Climate change was a material risk or investment opportunity for 83% of asset owners including pension funds and foundations and 77% of money managers, according to a global survey of investment practices released Wednesday.
Seventy-eight percent of asset owners consider climate-change integration when selecting managers, and 53% monitor existing managers on climate issues, although less than 18% set clear expectations of their managers, according to a survey by Mercer for the North American Investor Network on Climate Risk, the European Institutional Investors Group on Climate Change and the Australia/New Zealand Investor Group on Climate Change.
More than half of the asset owners, 57%, conduct climate risk assessments on their portfolios, and 26% change their investment strategies because of that assessment.
Most of the change in investment strategies came from European and Australian investors, with only 13% of North American asset owners changing their investment strategies based on climate risks.
The report singled out the New York state comptroller's office, which oversees the $140.3 billion New York State Common Retirement Fund; the $235 billion California Public Employees' Retirement System, Sacramento; and Pax World Management for setting examples on climate-related investment actions through shareholder resolutions and comprehensive environmental policies for their investment portfolios.

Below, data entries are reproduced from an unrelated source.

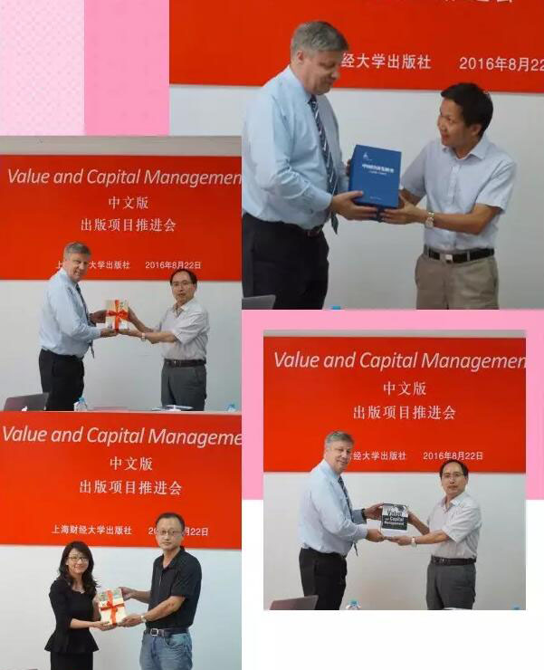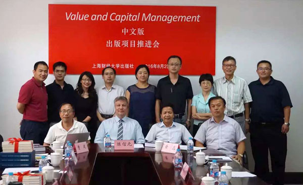 2016年8月22日,《Value and Capital Management》中文版出版推进会在上海财经大学出版社召开。上海财经大学副校长陈信元,全球最大的保险和资产管理集团之一——安联集团首席风险官、《Value and Capital Management》一书的作者托马斯·威尔逊(Thomas C. Wilson),安联中国风险管理部首席风险官张晋燕,上海财经大学出版社总编辑黄磊,本书部分译者和编辑团队出席了本次会议。会议由上海财经大学出版社社长曹建主持。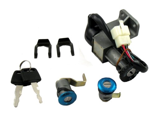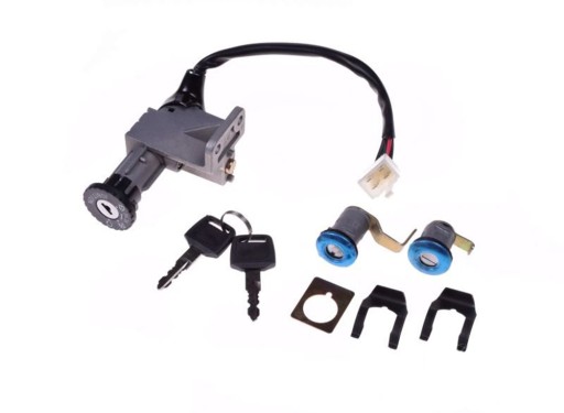 Stacyjka do popularnych skuterów, z charakterystycznym wlewem paliwa. Przewód zakończony wtyczką na 4 piny. W komplecie: 2 kluczyki, stacyjka z blokadą kierownicy, zamek klapki wlewu oleju oraz zamek schowka pod siedzeniem.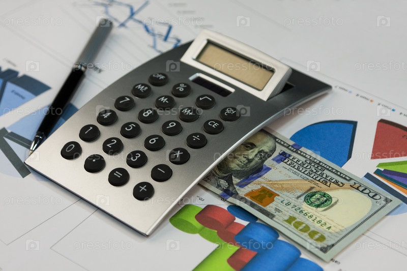 Калькулятор, сто долларов и ручка, лежащая на графиках

The ongoing drought across the U.S. provides a good example of why climate change should be part of investment decisions, said Christopher Davis, director of investor programs at Ceres. Ceres is a coalition of investors and public interest groups that coordinates the Investor Network on Climate Risk, which represents 100 institutional investors with $10 trillion in assets.
“While it's encouraging that more investors are concerned about the risks of climate change, many of them could be doing more to protect their clients and portfolios from those risks,” he said in a statement.